The high-energy fat stored in the body is also made up of
hydrocarbons. The
excess carbon compounds come directly or indirectly from eating the
carbon compounds that plants create during the process of
photosynthesis. Much of our oil and gas probably came from small animals and plants (plankton) in the ocean (remember that long ago much of the world was buried under water). Also, some of the carbon in oil could have washed into oceans from rivers. We have discovered fossil remains of plants that existed around 300 million years ago during a time labeled the Carboniferous period. We can determine how long ago the plants existed by examining the carbon material of the plant fossils in a procedure known as radioactive dating. Essentially, fossils are mineralized organic materials. When oilmen look for oil, they look for earth layers that were formed during the Carboniferous period. When a well is drilled, samples of rock from different depths are examined under the microscope to see if fossils from small invertebrates and plants from that time period are present. If so, odds are that they might hit oil soon. Fossils from the
Carboniferous period indicate that dinosaurs flourished by eating land plants that grew
in abundance because of the very warm and wet climate.

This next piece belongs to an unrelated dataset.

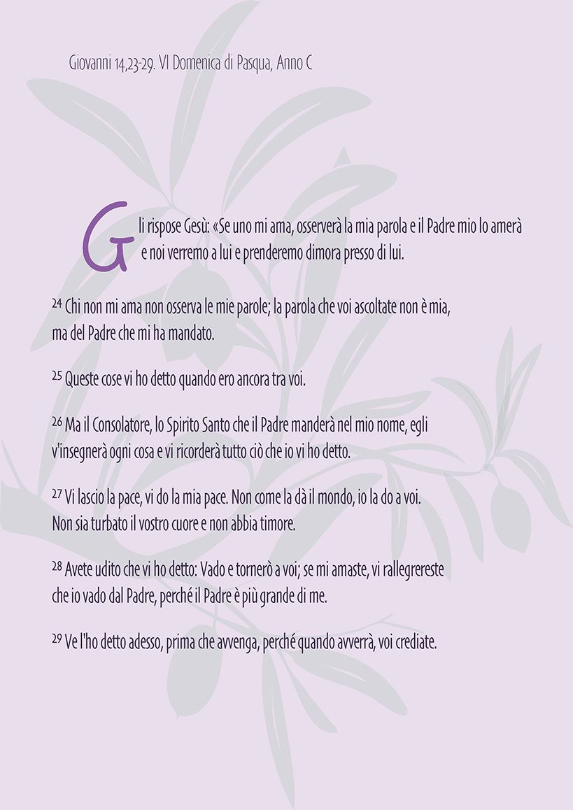 Lo Spirito Santo non sarà solo un difensore per i discepoli, sarà anche un maestro, insegnerà. E non sarà mai un insegnamento scollegato dall’esperienza che quei discepoli stanno vivendo. Lo Spirito Santo non agisce magicamente: ci ricorda la Parola e ce la fa comprendere nel quotidiano della nostra esperienza, svela le connessioni, il senso e indirizza l’agire.

The earth was most likely a huge jungle. Plants and dinosaurs
even grew at the North Pole! And we think there is global warming
today! This
means that our automobiles get their carbon and their energy from the same source as
dinosaurs did 300 million years ago.
Oil is found deep in the ground, sometimes several miles deep. How do these layers of plant and animal matter get buried so deep? As mountains push up from beneath the earth, rain erodes them, washing away soil and even cutting massive canyons. The sediment contains soil, sand, and plant and animal carbon, carrying it all away in rivers that dump into the ocean. As the sediment settles, it builds up layer upon layer of carbon-rich material on the ocean floor. The oil that forms eventually floats up into porous sand formations (which used to be beaches and river sand bars that have long since become buried). The big problem with fossil fuels is that burning them pollutes our air and water with toxic compounds formed from the burning. All big cities have so much air pollution that on many days the air actually looks dirty. Another problem is that the earth's supply of fossil fuels may be used up in a few decades. We can get energy in other ways that are not harmful to the environment (such as windmills, systems for trapping sun energy, and fuel cells. However, these sources usually cost more than fossil fuels.